First and foremost, there is nothing to fear from being on a public IP allocation, so long as your security devices are configured right.
What should I be replacing NAT with, if we don't have physically separate networks?
The same thing we've been physically separating them with since the 1980's, routers and firewalls. The one big security gain you get with NAT is that it forces you into a default-deny configuration. In order to get any service through it, you have to explicitly punch holes. The fancier devices even allow you to apply IP-based ACLs to those holes, just like a firewall. Probably because they have 'Firewall' on the box, actually.
A correctly configured firewall provides exactly the same service as a NAT gateway. NAT gateways are frequently used because they're easier to get into a secure config than most firewalls.
I hear that IPv6 and IPSEC are supposed to make all this secure somehow, but without physically separated networks that make these devices invisible to the Internet, I really can't see how.
This is a misconception. I work for a University that has a /16 IPv4 allocation, and the vast, vast majority of our IP address consumption is on that public allocation. Certainly all of our end-user workstations and printers. Our RFC1918 consumption is limited to network devices and certain specific servers where such addresses are required. I would not be surprised if you just shivered just now, because I certainly did when I showed up on my first day and saw the post-it on my monitor with my IP address.

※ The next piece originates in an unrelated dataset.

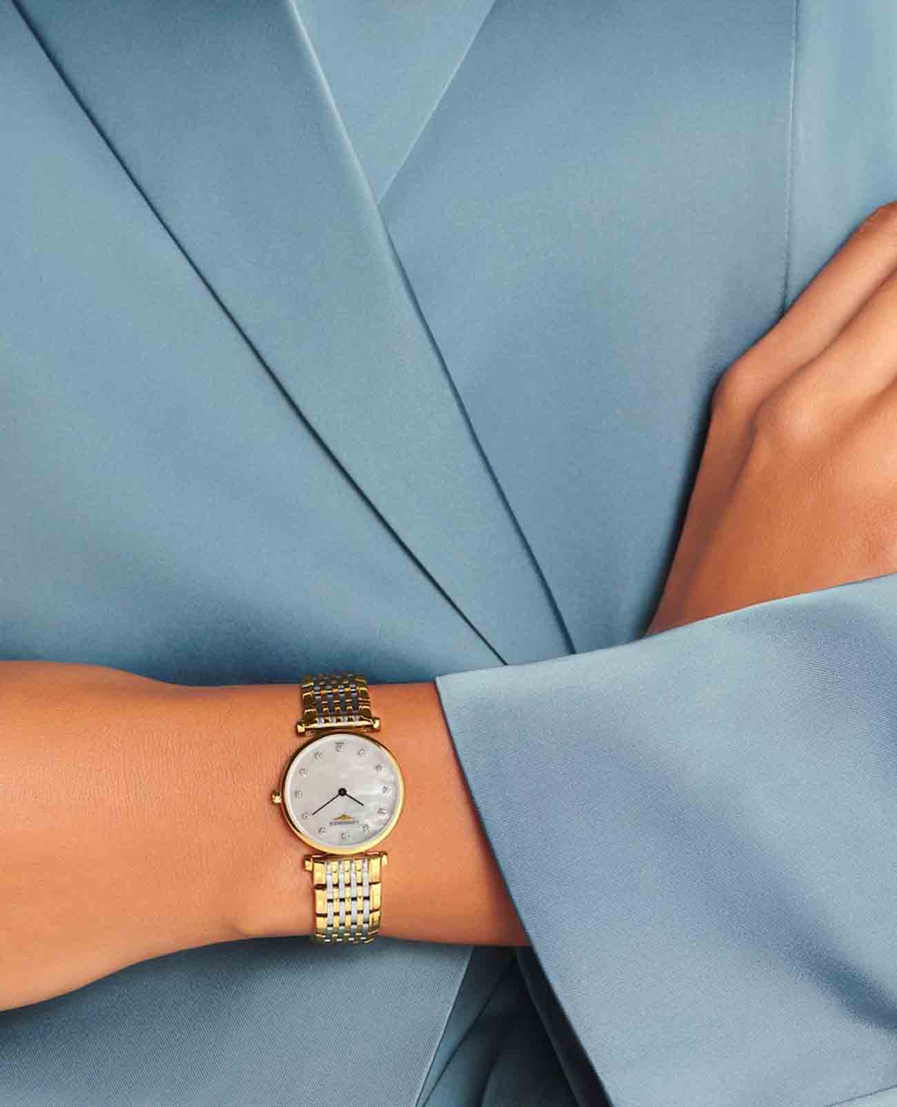 Водозащита до 3 бар позволяет носить эти часы в любых условиях, будь то прогулка по городу или отдых на природе. Каждая деталь часов Longines La Grande Classique L4.209.2.87.7 продумана до мелочей, что делает их идеальным выбором для тех, кто ценит качество, стиль и надежность. Стальной браслет c PVD-покрытиемPVDУльтратонкое покрытие наносится в технике вакуумного напыления, сочетает в себе нитрид титана особой прочности со слоем золота или оксида хрома. Несёт в себе декоративную или защитную функцию. на застёжке «бабочка» с кнопкамиЗастёжка "бабочка"Такой вид застёжки дополняется предохранителями, помогающими избежать случайного раскрытия браслета. Обладают изящным исполнением. не только выглядит стильно, но и обеспечивает надежную фиксацию на запястье, позволяя вам наслаждаться красотой и функциональностью этих часов в любой ситуации.

And yet, we survive. Why? Because we have an exterior firewall configured for default-deny with limited ICMP throughput. Just because 140.160.123.45 is theoretically routeable, does not mean you can get there from wherever you are on the public internet. This is what firewalls were designed to do.
Given the right router configs, and different subnets in our allocation can be completely unreachable from each other. You do can do this in router tables or firewalls. This is a separate network and has satisfied our security auditors in the past.
There's no way in hell I'll put our billing database (With lots of credit card information!) on the internet for everyone to see.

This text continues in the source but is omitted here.